Surveys will be taken shortly to find out what the community thinks about the plan now, and at the end of November, community members will be surveyed again to find out their updated reactions. The survey will also look at excise tax revenue and other measures that quantify what is happening, and the public’s ideas on the bus/bike lane. That plan takes the bike lanes up to Park Boulevard.

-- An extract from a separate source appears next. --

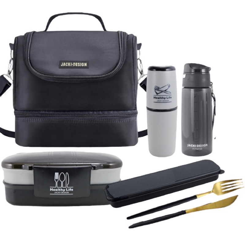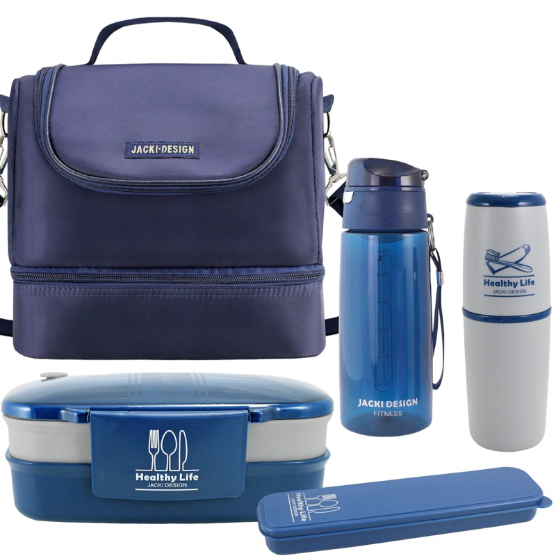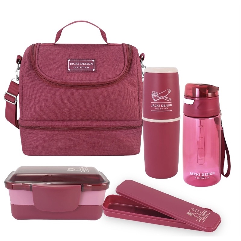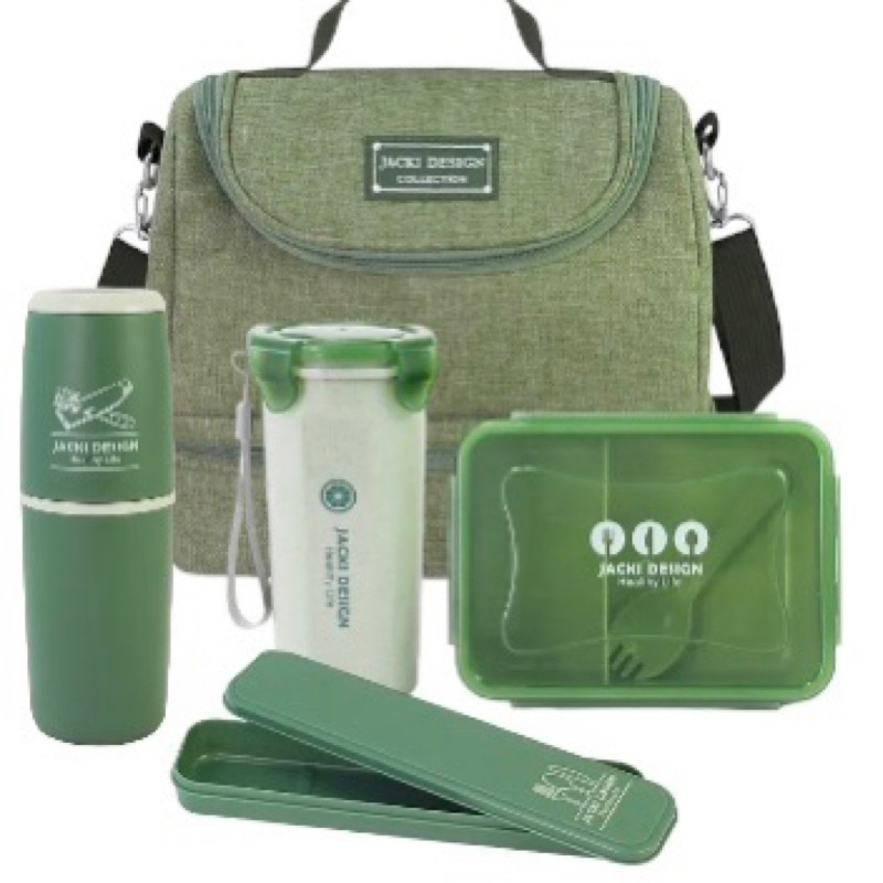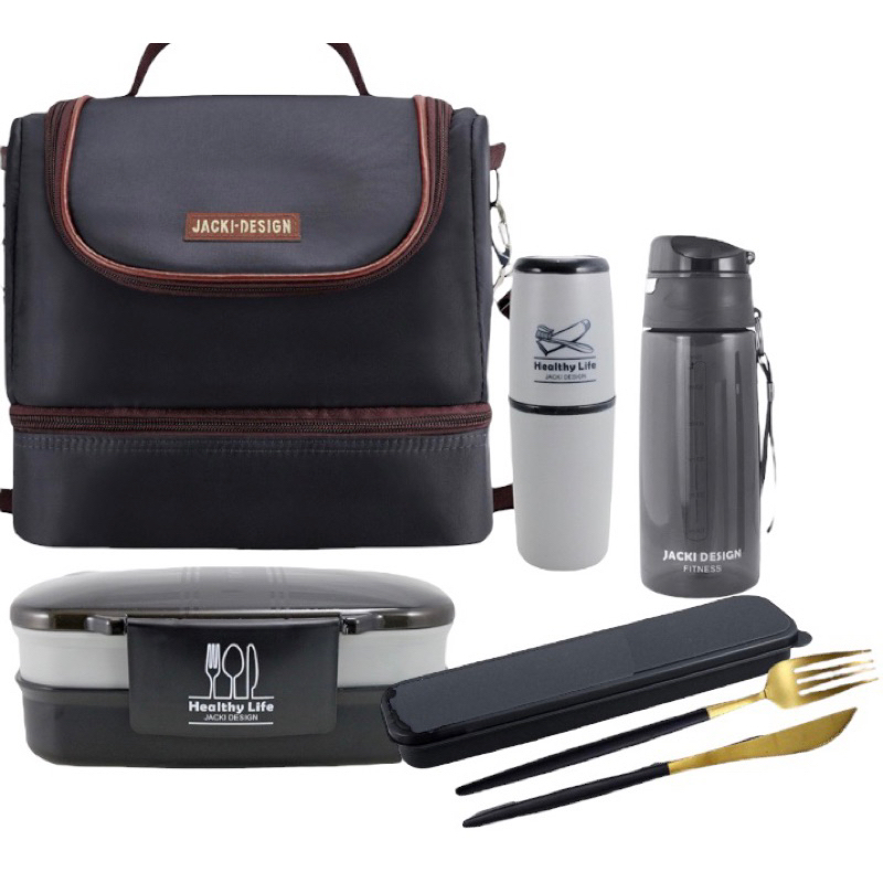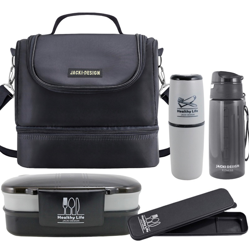 Kit Marmita Térmica Coleção Joy Jacki Design 5 peças Fitness Livre de BPA Praticidade Porta escova Bolsa térmica Garrafa

“In no way do we want what we are doing on The Boulevard to affect our neighboring neighborhoods,” Thomas said. “We pass through six neighborhoods on The Boulevard business district. We’ve always been very conscious about how the changes we want on The Boulevard will affect our neighborhoods. Parking, increased traffic, the amount of building and density could actually go all the way from The Boulevard all the way up to the canyon. [It’s] not acceptable for us. We want a shorter amount of distance from The Boulevard, so we are not affecting Balboa Heights, Kensington, Talmage and University Heights. We believe that those people should make decisions on their own neighborhoods. They can keep them quaint if they want or add more housing options if they want to.”
Thomas said that it’s important to provide ways for people to get to the business district that is not cumbersome. She said they keep hearing from the city and bike advocates that, “We want to frustrate drivers out of their cars.”
“We are not of that same thinking,” Thomas said.
Thomas said that local business districts will be impacted negatively by such a large loss of parking. Consumers will go elsewhere, and that is not part of the long-term plan.
“We just did a parking study where we quantified what areas were being utilized more and how much,” Thomas said. “So, we feel along 30th Street that the percentage of parking utilization is up by 85-95%. This area is taxed already. If you remove all that parking, where do they go? They are going to go to another business district. We’re going to lose businesses to other business districts and that means less jobs for everybody else.”